THE CELESTIAL AMONG THE TERRESTRIAL

Many believe there is an afterlife….up in the heavens; or, in hell. Departed souls are supposed to rise up to their celestial abodes. But how cool would it be if heavenly beings showed up on earth instead!

Well, that is exactly the basic plot of “ನಾರದ ವಿಜಯ” (‘Narada Vijaya’, which means ‘Triumph of Narada’), a 1980 Kannada film. The movie was a musical masterpiece― each track is a classic. The film yielded a whopper of a return to the producers.
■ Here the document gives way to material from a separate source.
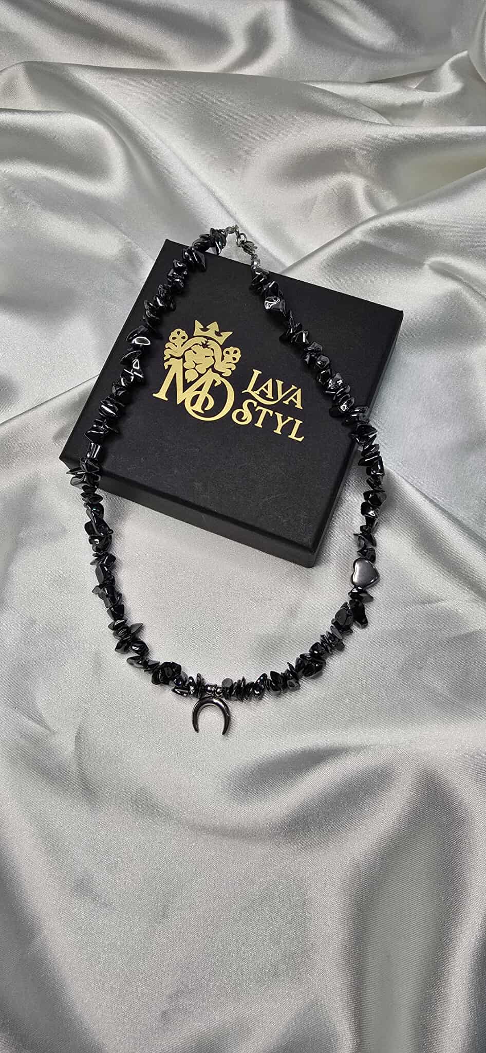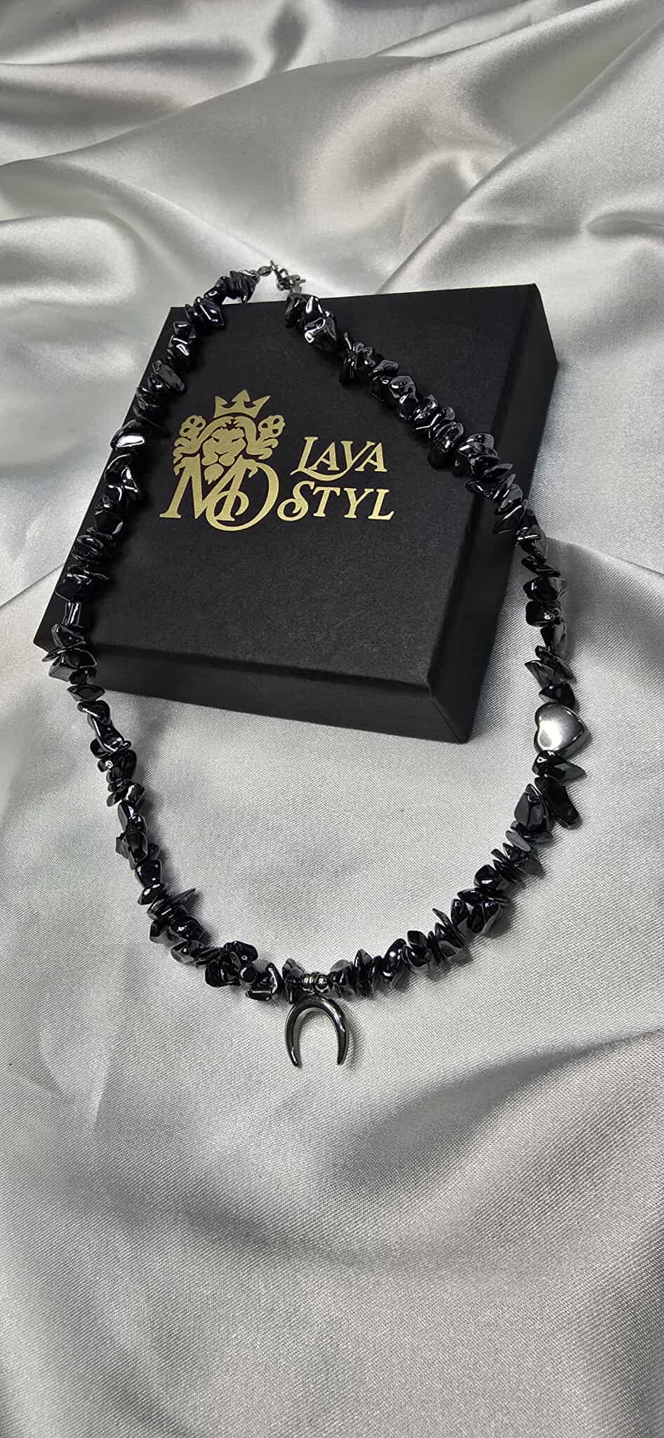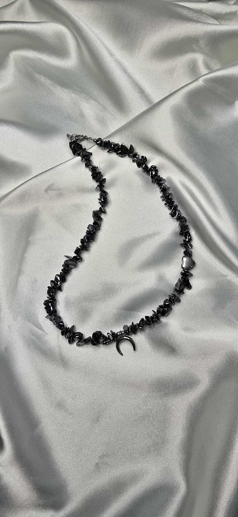 Elegantný náhrdelník vyrobený z hematitu, s jemným príveskom v tvare mesiaca a srdiečkovým komponentom, ktorý symbolizuje harmóniu a lásku.

Sage Narada (Anant Nag) descends to earth and interacts with ordinary humans. But then, folks mistake him for his look-alike, Vijay (Anant Nag), a police officer. The ‘carbon copies’, that is, Vijay and Sage Narada befool the former’s romantic interest, Radha (Padmapriya). A wacky policeman in plainclothes, Gurupada (MP Shankar) is beguiled too.
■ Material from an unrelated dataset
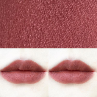 唇膏是絲絨質感的,但是啞而不干涂起來灰常順滑,妝效是完全啞光的霧面質感!而且顏色的飽和度也很不錯,一筆下去就闊以完全遮蓋住唇色啦~

In the meantime, Lakshmipathi (KS Ashwath), a brilliant scientist gets kidnapped and his invention― an unreal camera that can instantly freeze people in front of it― is used for bank heists. The utterly chaotic, if not absurd, events that ensue are the crux of the comic tomfoolery in the film.
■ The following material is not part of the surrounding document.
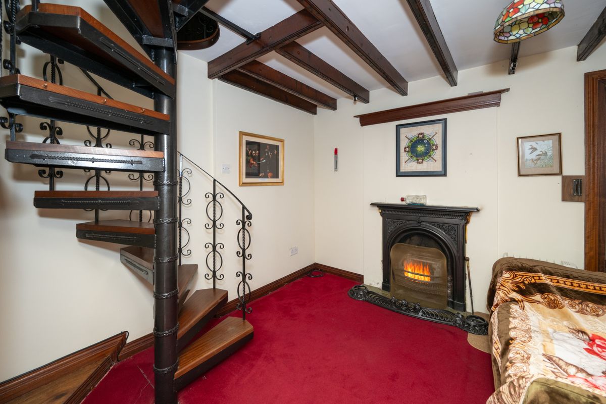 This area is open plan and consists of fitted floor and eye level style units. The kitchen area comprises of an oven, hob, and a fridge freezer under the countertop. The open plan dining/living area is bright and spacious with a large window to the side of the room. It also benefits from an open fireplace with a cast iron surround. The original wooden floor beams are a nice touch to the room which can be seen overhead.

With the able assistance of the great sage, Vijay expectedly brings both kingpins of the criminal gang, Narayan (Sudheer) and Gupta (Thoogudeepa Srinivas) and their minions to book…but, not before the goons are all given a good shellacking.  

Director Siddalingaiah has done his best to extract laughs― he’s used both refined drollery and cheap buffoonery in MD Sundar’s script. Notwithstanding a conceptually good plot, the comedic content and structure in the flick are slapstick at places; execution could have been more refined.

Ashwath-Vaidi’s musical compositions, set to the lyrics of legendary Chi. Udaya Shankar, became very popular― each of the tracks was a chartbuster. On technical merit, the movie is tolerable, if not tacky or tawdry.

Anant Nag has acted with great aplomb, particularly in his rendition of the sage; he scores well on comedic quotient. Padmapriya is cast in a candy-floss role. MP Shankar is cheesy; Loknath, Thoogudeepa Srinivas, Hema Choudhary, Sudheer and others constitute the supporting cast.

They say, language of art is celestial in origin. In this movie, the script of art is terrestrial in operation.

I rate (liberally) this comedy, one in the ‘slapstick’ sub-genre: 7.0 on 10!